The free market system works & all successful societies today are free market democracies. Free market democracies vary from the social democracies like Denmark and the less government involved democracies like the USA or Australia, but they are of the same species.
The bright line is between social democracy and socialism. It is unfortunate that they share the same root word, since it causes confusion. The difference is that in socialism government owns or controls major means of production.
Andrew McAfee is not a stickler for what people call themselves, but whether or not the systems feature what he calls the four horsemen of optimism – tech progress and capitalism combined with public awareness and responsive governments. The first two created and continue to advance the prosperity that they started around 300 years ago. The other two introduce values of the societies.
A way to look at tech & capitalism is that they are tools and methods. Just as you cannot build a house, a bridge or car w/o tools, you cannot build a prosperous society w/o tech and capitalism. They are necessary to a good society but not sufficient. To extend the tools analogy, we can use tools to build a home or a prison. Those are choices.
The tools of tech and capitalism have done so much good that we sometimes do not notice.

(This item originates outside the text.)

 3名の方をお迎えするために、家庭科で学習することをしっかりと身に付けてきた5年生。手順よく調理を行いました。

The book goes into history of how we cured diseases, created widespread prosperity, greatly reduced deep poverty and enabled accelerated scientific advances. I fast-forwarded through this section, but I am aware that most people are unaware of the history so it must be included.
All of the above is common knowledge, if not always widely appreciate. The thrust of the book, implied by the title “More from less” is that market democracies have turned the corner in using less resources despite growing populations and more consumption.

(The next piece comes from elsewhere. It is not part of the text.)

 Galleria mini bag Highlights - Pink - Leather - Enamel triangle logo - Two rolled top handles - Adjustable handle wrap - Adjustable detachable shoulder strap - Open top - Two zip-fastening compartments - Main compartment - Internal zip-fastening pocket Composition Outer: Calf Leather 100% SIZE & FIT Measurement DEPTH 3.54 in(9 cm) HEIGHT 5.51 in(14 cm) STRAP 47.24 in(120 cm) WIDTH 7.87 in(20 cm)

Capitalists are always seeking to cut costs. This means they have the incentive to use less. Tech progress working in this incentive system gives the choices. A simple example is aluminum cans. An aluminum can today used only a fraction of the aluminum a can used decades ago. Even a greater example is what you & I are doing here. I wrote this and you are reading this with no need to print or distribute. We can all have a library of thousands of books with no need to for the resources to make and hold them.
Capitalism and tech progress do an outstanding job making new products. They do not do well with “externalities”. This is where the public awareness & responsive governments come into play. They are the democracy part of market democracy.
The obvious example of this is pollution. We need regulation and public awareness to identify and remedy externalities. There is a constant dynamic in this, but experience here is clear. Market democracies enjoy much healthier environments than others. If you look at the Index of Economic Freedom, you see that economic freedom is clearly related to better environments.
The big challenge today is climate change. Many people think that meeting the challenge will require radical changes. History is not on the side of this interpretation. Puritanical austerity will not do the job. The tools of tech and capitalism can be directed to address this problem too.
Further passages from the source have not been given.